Good choice is \(\epsilon_{init} = \frac{\sqrt{6}}{\sqrt{L_{in}}+\sqrt{L_{out}}}\). It depends on number of input and out units in the layers.

```
Theta1 = rand(10,11)*2*INIT_EPSILON - INIT_EPSILON;
```

## putting it together

No. of input units: Dimension of features \(x^{(i)}\)

No. of output units: Number of classes.

Reasonable default: 1 hidden layer, or if more than 1 hidden layer, have same no. of hidden units in every layer (usually the more hidden units the better)

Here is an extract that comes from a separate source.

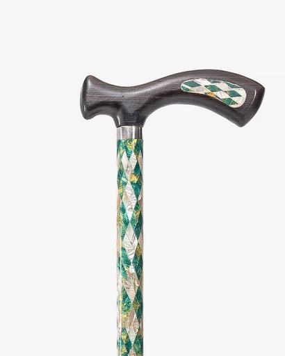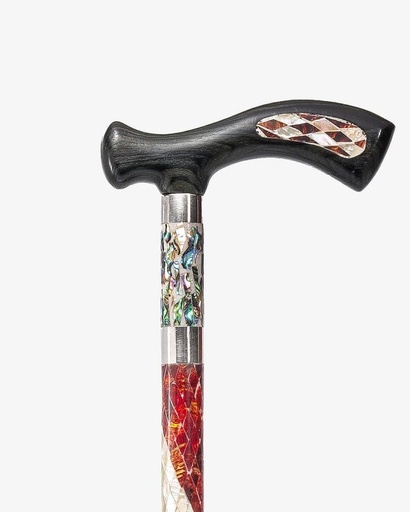 عصا عكاز ايبانوس منقوش بصدف ملون
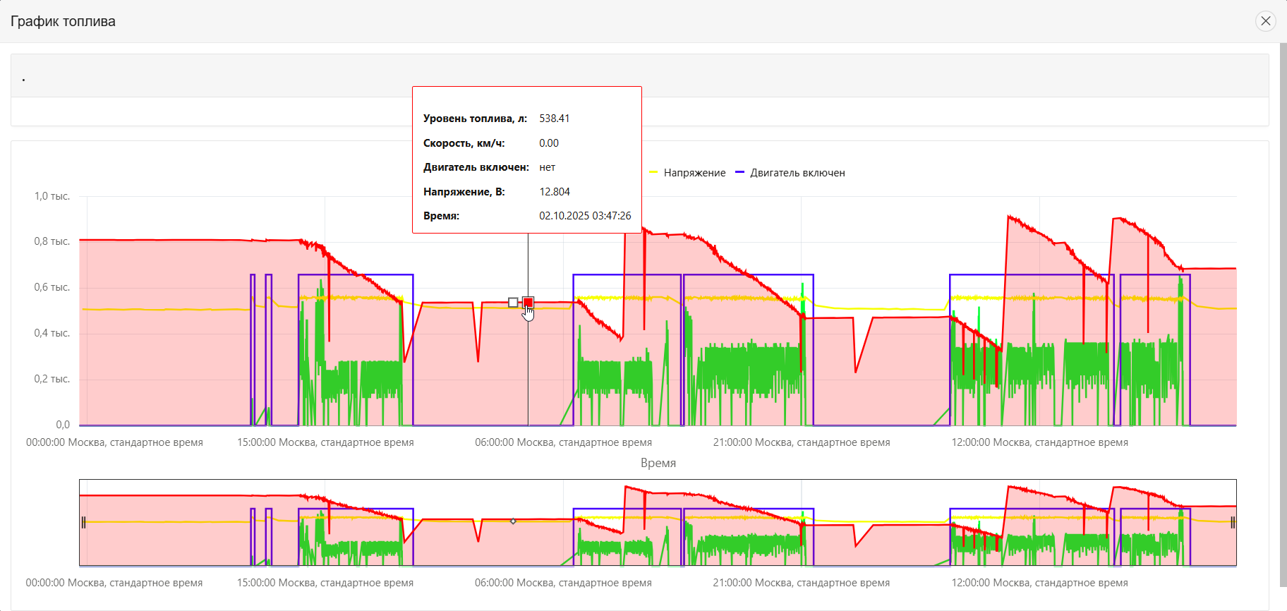 При наведении курсора мыши на любую точку графика отображается всплывающая подсказка с подробной информацией: уровень топлива, скорость, состояние двигателя, значение напряжения и точное время.

### Training a neural network

- randomly initialize weights
- implement forward propagation to get \(h_{\Theta}(x^{(i)}) \) for any \(x^{(i)}\)
- implement code to compute cost function \(J(\Theta)\)
- implement backprop to compute partial derivatives \(\frac{\partial}{\partial \Theta_{jk}^{(l)}} J(\Theta)\)
- use gradient checking to compare \(\frac{\partial}{\partial \Theta_{jk}^{(l)}} J(\Theta)\) computed using backpropagation vs. using numerical estimate of gradient of \(J(\Theta)\).
- Then disable gradient checking code.

- using gradient descent or advanced optimization method with backpropogation to try to minimize \(J(\Theta)\) as a function of parameter \(\Theta\)

Use a for loop to go over all training examples, where performing forward propagation and back propagation (get activations \(a^{(l)}\) and delta terms \(\delta^{(l)} \text{ for } l = 2,…,L\) ).